◆ **Assigned task**: Every line from the one holding "A young adult" through the one holding "There are two" in the data below must be returned exactly, both ends included, with pictures left out and nothing else added.

◆ **Supplied material**:
****

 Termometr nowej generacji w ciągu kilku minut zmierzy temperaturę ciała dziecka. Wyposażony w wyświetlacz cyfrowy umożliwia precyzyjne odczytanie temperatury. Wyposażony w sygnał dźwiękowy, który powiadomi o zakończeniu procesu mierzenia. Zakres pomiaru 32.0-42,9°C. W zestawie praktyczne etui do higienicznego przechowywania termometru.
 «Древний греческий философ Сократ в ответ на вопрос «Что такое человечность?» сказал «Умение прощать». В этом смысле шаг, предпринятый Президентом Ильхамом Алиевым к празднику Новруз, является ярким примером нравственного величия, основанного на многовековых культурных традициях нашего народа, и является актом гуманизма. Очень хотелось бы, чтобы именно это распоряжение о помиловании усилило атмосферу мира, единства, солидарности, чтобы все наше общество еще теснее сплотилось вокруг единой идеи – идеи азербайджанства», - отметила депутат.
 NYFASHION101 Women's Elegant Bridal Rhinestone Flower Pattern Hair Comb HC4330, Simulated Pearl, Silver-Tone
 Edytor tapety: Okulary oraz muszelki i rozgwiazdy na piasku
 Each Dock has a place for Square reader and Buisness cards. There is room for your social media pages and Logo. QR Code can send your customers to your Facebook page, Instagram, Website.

****

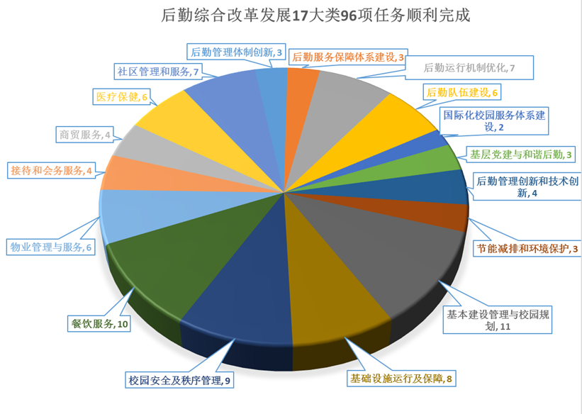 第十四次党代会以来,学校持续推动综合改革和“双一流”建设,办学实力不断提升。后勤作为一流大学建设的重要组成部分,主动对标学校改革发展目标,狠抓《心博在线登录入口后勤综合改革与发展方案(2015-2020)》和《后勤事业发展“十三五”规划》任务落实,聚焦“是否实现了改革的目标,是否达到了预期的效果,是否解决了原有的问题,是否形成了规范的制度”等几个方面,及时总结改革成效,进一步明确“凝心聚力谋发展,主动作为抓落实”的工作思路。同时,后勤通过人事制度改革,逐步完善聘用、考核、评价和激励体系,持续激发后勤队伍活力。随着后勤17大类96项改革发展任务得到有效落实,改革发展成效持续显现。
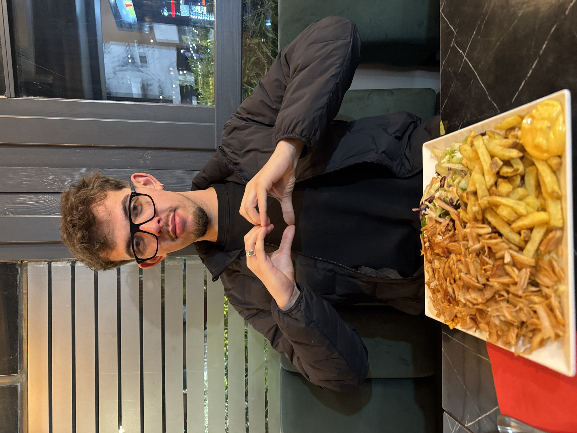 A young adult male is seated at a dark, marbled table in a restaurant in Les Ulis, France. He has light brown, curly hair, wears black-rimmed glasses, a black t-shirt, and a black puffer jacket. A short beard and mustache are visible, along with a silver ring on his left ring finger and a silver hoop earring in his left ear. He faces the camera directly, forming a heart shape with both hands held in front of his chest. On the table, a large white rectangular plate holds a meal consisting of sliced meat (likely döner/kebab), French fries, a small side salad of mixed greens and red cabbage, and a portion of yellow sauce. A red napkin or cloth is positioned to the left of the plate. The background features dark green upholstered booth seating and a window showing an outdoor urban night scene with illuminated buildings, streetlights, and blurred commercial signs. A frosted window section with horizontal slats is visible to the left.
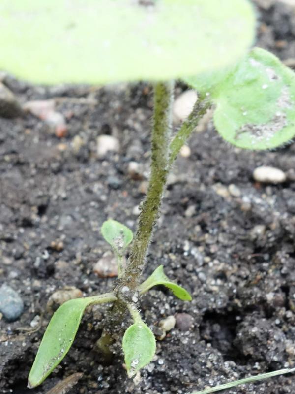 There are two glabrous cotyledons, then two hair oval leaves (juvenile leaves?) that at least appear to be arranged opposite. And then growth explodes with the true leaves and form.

****

◆ **Task response**:
 A young adult male is seated at a dark, marbled table in a restaurant in Les Ulis, France. He has light brown, curly hair, wears black-rimmed glasses, a black t-shirt, and a black puffer jacket. A short beard and mustache are visible, along with a silver ring on his left ring finger and a silver hoop earring in his left ear. He faces the camera directly, forming a heart shape with both hands held in front of his chest. On the table, a large white rectangular plate holds a meal consisting of sliced meat (likely döner/kebab), French fries, a small side salad of mixed greens and red cabbage, and a portion of yellow sauce. A red napkin or cloth is positioned to the left of the plate. The background features dark green upholstered booth seating and a window showing an outdoor urban night scene with illuminated buildings, streetlights, and blurred commercial signs. A frosted window section with horizontal slats is visible to the left.
 There are two glabrous cotyledons, then two hair oval leaves (juvenile leaves?) that at least appear to be arranged opposite. And then growth explodes with the true leaves and form.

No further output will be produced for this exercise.